3 October 2013 (Bali, Indonesia) – Strengthening regional connectivity – physical, institutional and people-to-people links – will ensure sustainable, balanced and inclusive growth in Asia-Pacific economies which are still recovering from the global crisis, said business, government, academic and media leaders in a seminar jointly organized by the Pacific Economic Cooperation Council (PECC) and the Boao Forum for Asia. This is especially important at a time of uncertainty when economies are still recovering from the global crisis and must focus on the quality of growth and not just GDP figures, they stressed.

“People-to-people connectivity has to do with immigration, customs, security, transportation and tourism issues,” Dr. Mari Pangestu, Indonesian Minister of Tourism and Creative Economy, told participants in one session. “It is about fast and secure travel through visa and travel facilitation, improving logistics and information-sharing, smart use of technology and cutting red tape while not compromising security. This is complex and needs coordination across borders.”

Connectivity is a key theme for the Asia-Pacific Economic Cooperation (APEC) forum this year. At the APEC Economic Leaders’ Meeting that is scheduled to start on 7 October, leaders are to adopt a Connectivity Framework to enhance integration across member economies. The one-day PECC-Boao Forum for Asia seminar brought experts and thought leaders together to discuss ways to deepen connectivity in the region and the opportunities that greater connectivity will create.

“We need to reduce poverty by providing better opportunities for people to benefit from globalization,” PECC Co-Chair Mr. Jusuf Wanandi explained. “This means better education and the ability to access the global market.” Mr. Zhou Wenzhong, Secretary General of the Boao Forum for Asia, agreed. “Many APEC economies are faced with the dilemma of growth and structural reform. But without painstaking reforms, growth will not be sustainable.” He added: “Strengthening infrastructure in the region can spur growth, generate jobs, and lay the foundations needed for structural reforms. While financing is available, the platforms to share information about projects do not yet exist.”

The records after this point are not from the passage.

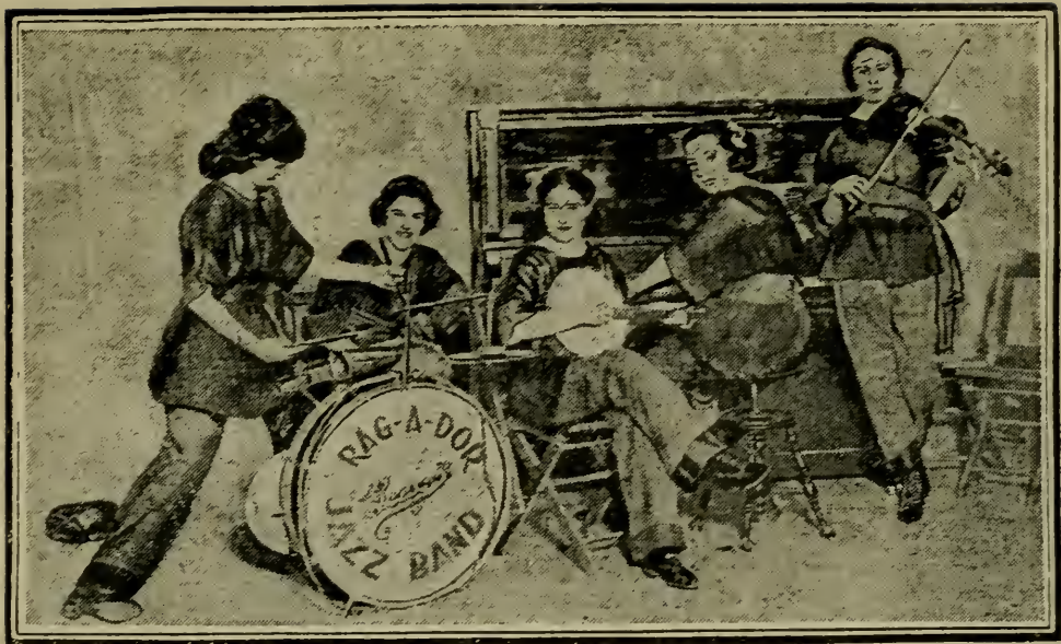
Jazz Band that performed for Church. Young women dressed as men!
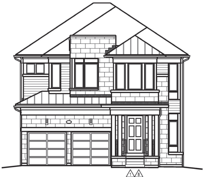
LOT NUMBER: 29 UNIT NAME: THE ROSEDALE ELEVATION: C (REV) UNIT NUMBER: 4202
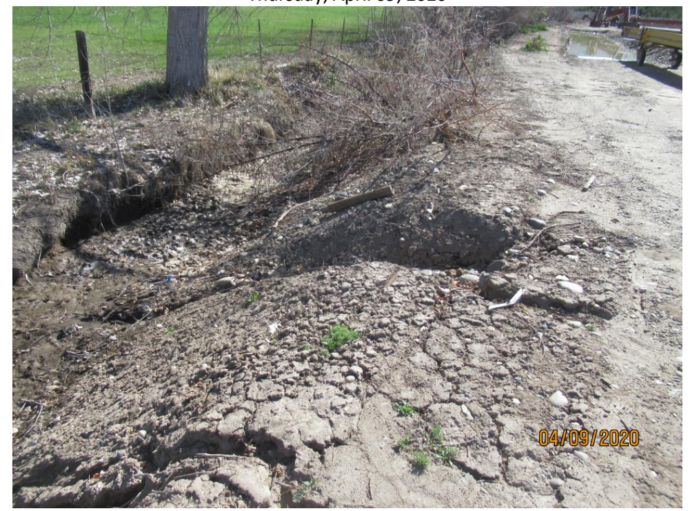
Photograph 61: Large rill on facility property into north side irrigation ditch, looking east.
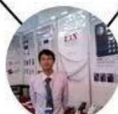
2012 Shenyang Fair
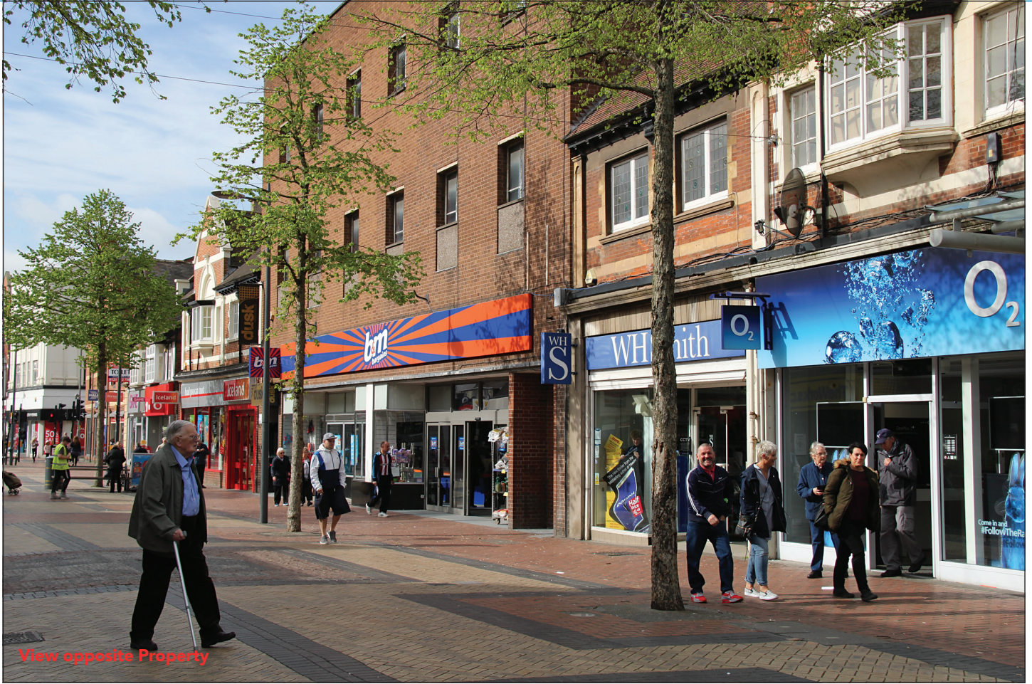
View opposite Property
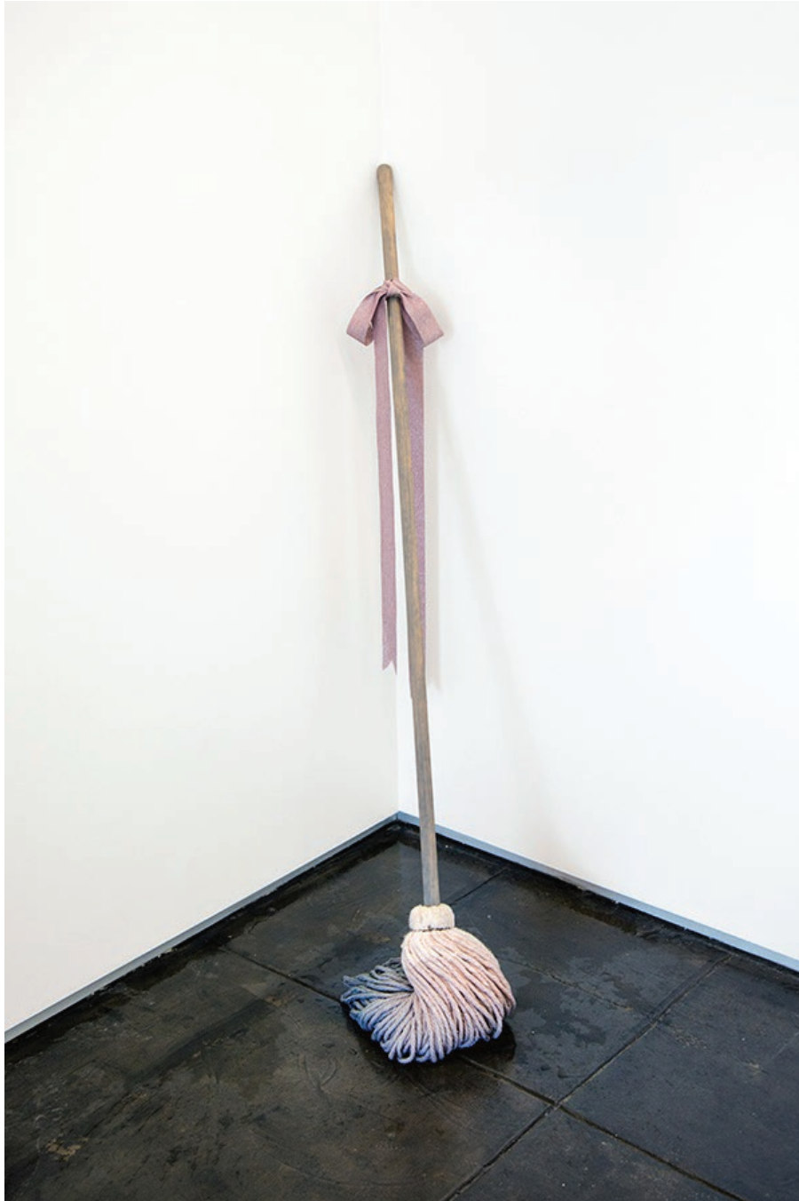
Bunny Rogers, Self-portrait (mourning mop) , 2013
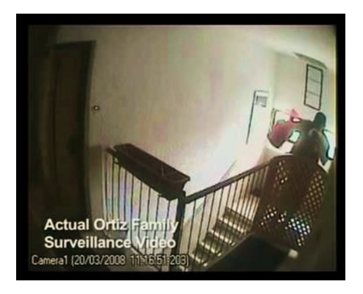
Anyone else struck by this surveillance photo that bears an uncanny resemblance to the famous scene in Schlindler's List of the girl in the red coat?

don't have too many fans in this country. If you are Messianic Jews, you are not going to have too many friends. The law protects you, but you don't have too many people behind that law giving you favor."
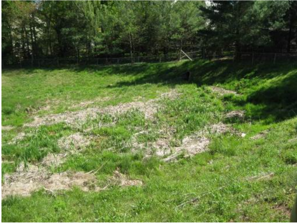
12. Facility. 632. The ponding area was wet.
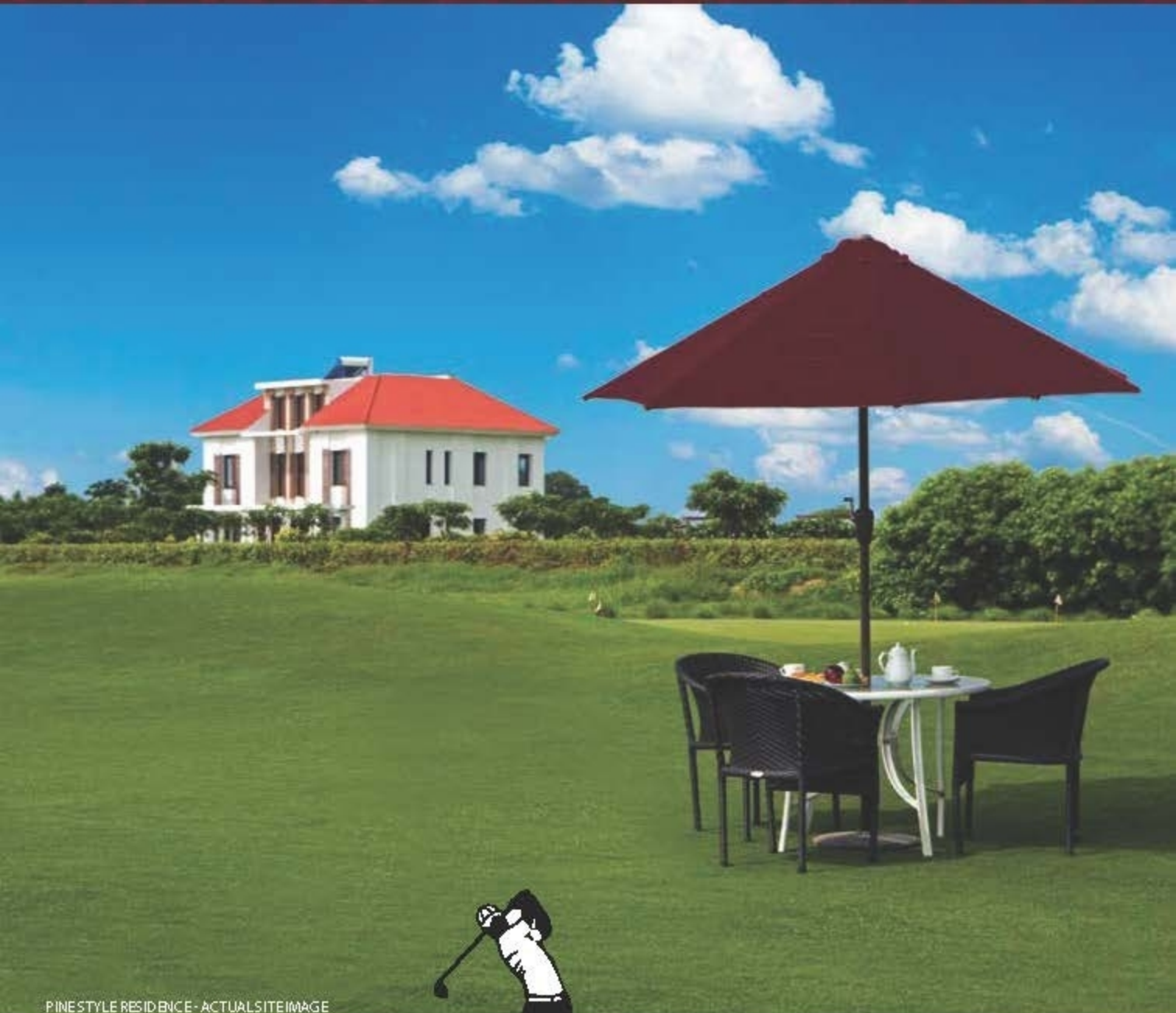
PINESTYLE RESIDENCE - ACTUALSITE IMAGE

A PROJECT BY MALHOTRA REALTY PVT LTD (MRPL) WWW.MALHOTRAREALTY.COM
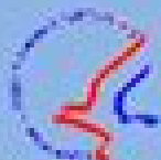
Department of Health and Human Services
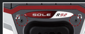
Sound System with 2 Way Cable

Our integrated 9" LCD display, with customizable programs, is the spotlight of this model. If you are looking for challenge, preset programs such as Hill, User Defined feature, or Heart Rate Control will add excitement to your workout routine.
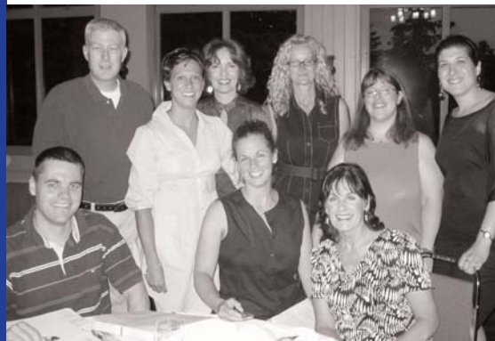
Our esteemed Board of Directors
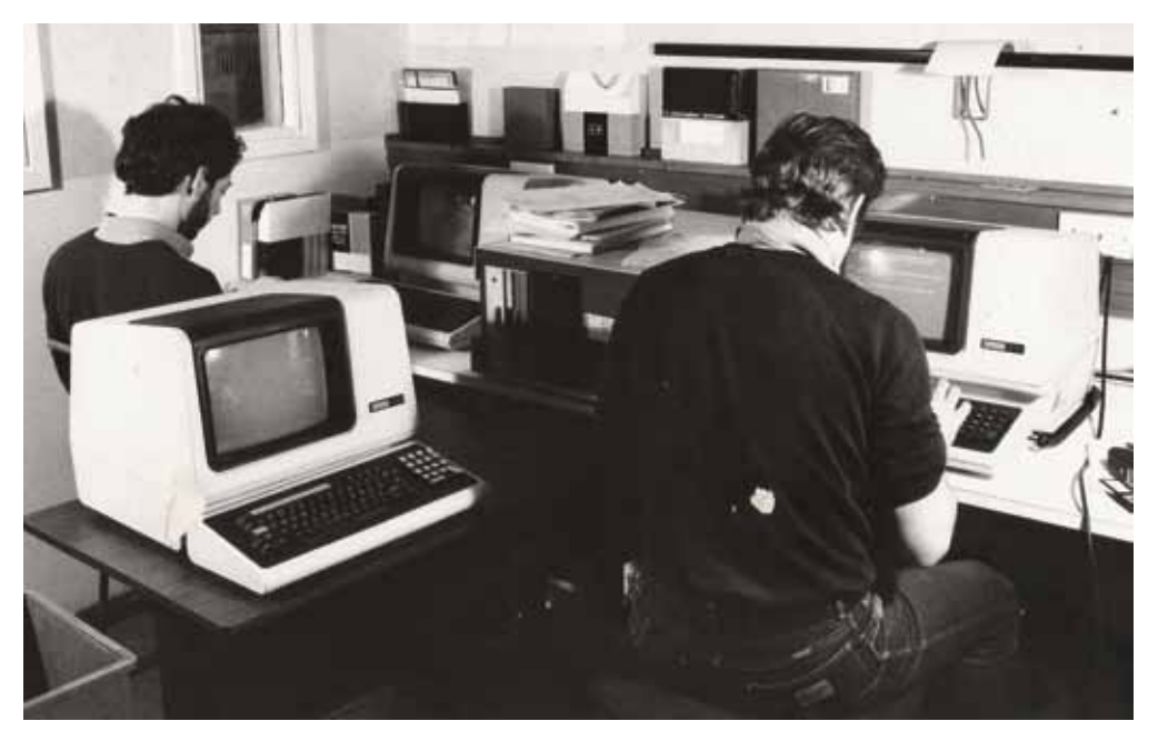
Students using the Institute's first computer network: 'dumb' terminals linked to a mini-computer in the adjacent room (c.1985).
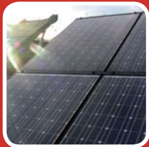
Solar panel generating electricity from the sun

Using grid electricity and gas releases carbon dioxide (CO 2 ) into the atmosphere. CO 2 is a harmful greenhouse gas and a major contributor to climate change.
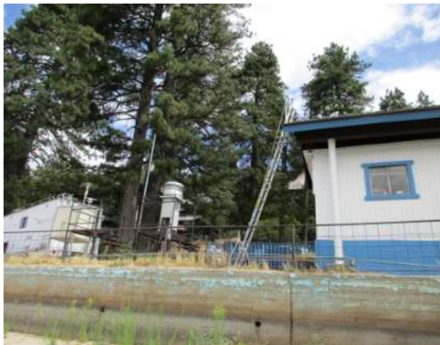
Looking at the probe from the South
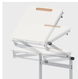
Sturdy, stable and infinitely adjustable frame made of metal
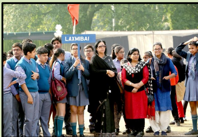
The Laxmi Bai House

Since Indonesia last chaired APEC in 1994, the region has cut tariffs, eased cross-border business and doubled incomes. Yet the development gap within and among member economies has widened, according to PECC’s State of the Region 2013-2014 report, which was released at the seminar. While over the past two decades APEC has focused on removing barriers, the next stage is to build and strengthen connectivity domestically and regionally to ensure higher-quality inclusive growth.

In his keynote speech at the seminar, Dr. Taleb Rifai, Secretary General of the World Tourism Organization, acknowledged the substantial growth of the middle class in the Asia-Pacific, but underscored the importance of increasing investment in education, skills training, transport and the mobility of people. “Air transport market liberalization is a critical issue,” he asserted. “We need to have people freely moving around the world.” Asked what one measure should be the top priority for boosting connectivity in the region, Dr. Rifai replied: “Eliminate visas.”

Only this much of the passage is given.